Все время их диалога, вместо того, чтоб незаметно сбежать, я работала зрителем.

– Не могу я ничего пить. Трезвенник, язвенник, неудачник, к тому же на работе. – серьезно заявляет Сергей. – Вот если бы после семи и… – намекает с хитринкой во взгляде.

– Ясно, – хмыкает Рыбка. – После семи и за мой счет. – Они моментально договариваются о встрече. – А вас, девушка, я попрошу остаться! – увы, мне так легко от присутствия Рыбки избавиться не удается. Он повелительно кивает на пассажирское сидение и заводит мотор. Я еще бормочу что-то, но уже понимаю, что лучше поехать добровольно.

– Но я тоже трезвенник, язвенник, – пытаюсь отшутиться. – И спешу, кстати…

– Эй! Ключи-то отдай, – обеспокоено поднимает руки Сергей, замечая, что Рыбка полностью переключил внимание. – С барышней потом разберешься! Куда она денется?

И это вместо благодарности за мое чистосердечное вмешательство! Вместо попыток вытащить меня из лап Геннадия…

– Какие ключи, дарагой? – кривляется Рыбка. – Наручник детский, слюшай… На кнопку клацнешь, дверца и откроется… Нет кнопки? Канечна нет! Я ее сам выломал. Для веселья. Берешь проволоку, да? Тычешь ею в отверстие из-под кнопки и все…

Сергей еще раз внимательно осматривает наручники и густо краснеет. Так ему и надо, эгоисту! Гордо сажусь в машину, демонстративно закуриваю, громко хлопаю дверцей. Эх, будь, что будет!

М-да, в ситуации с «бедненьким» Сергеем я повела себя крайне маразматично. Не мудрено, что Рыбка так до конца и не верил мне…

– Мне в голову не пришло, что вы знакомы… – продолжаю оправдываться. – Я всего лишь хотела отвести опасность от убогого… – не знаю уж почему, но свое резко испортившееся мнение о Сергее-программисте, я во что бы то ни стало захотела озвучить…

Рыбка хмурится, напряженно обдумывая мои рассуждения.
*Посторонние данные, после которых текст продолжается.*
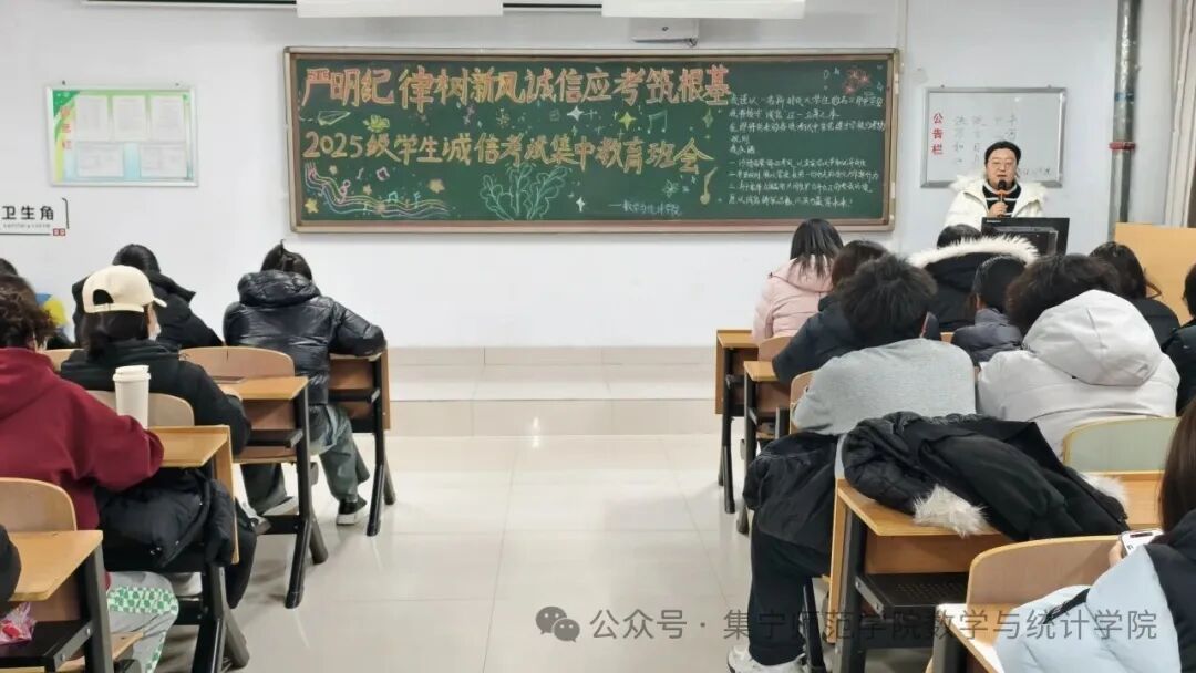 走进大学校园的第一次正式考试,对于每一位新生而言,都是成长路上的一道重要分水岭。12月29日,数学与统计学院于逸夫楼2Y301开展“严明纪律树新风,诚信应考筑根基”2025级学生诚信考试集中教育班会。我院党总支副书记常鑫、学团办公室副主任刘紫玉和班主任张瑜参与本次会议。

Ищет дыру в логике.

– Или ты искусно врешь, или совсем дурочка, – выдает, наконец. – Ладно, больше спрашивать не буду. Смотри сама. Только учитывай: ты у Лилии сейчас на таком счету, что зимой снега не выпросишь. Если все же объявлялась с умыслом…

– А-а-а! – окончательно раскаляюсь, – Не нужен мне ваш снег! И Лиличка тоже совершенно не нужна! Просто мне стало жалко мальчика… Вот такая вот я, жалостливая! И правильнее, между прочим, было бы не высмеивать меня, а удивляться, отчего я одна такая выискалась. Почему остальные, кто не знал, что Сергей твой бывший одноклассник, не ринулись его защищать? Остановить грядущую расправу – это нормальные инстинкты. – Обычно склонная исключительно к самообвинению, сейчас я любыми способами пытаюсь притянуть за уши хотя бы намек на собственную правоту. Уж слишком явно по-глупому я себя повела. Обидно же! – Продавщиц я еще понимаю, – продолжаю настойчиво. – Ты – клиент – существо неприкосновенное и не обсуждаемое. Но это для них! А что же твоя м-м-м… спутница не вмешалась? Нынче в моде пофигизм и бессердечность, так?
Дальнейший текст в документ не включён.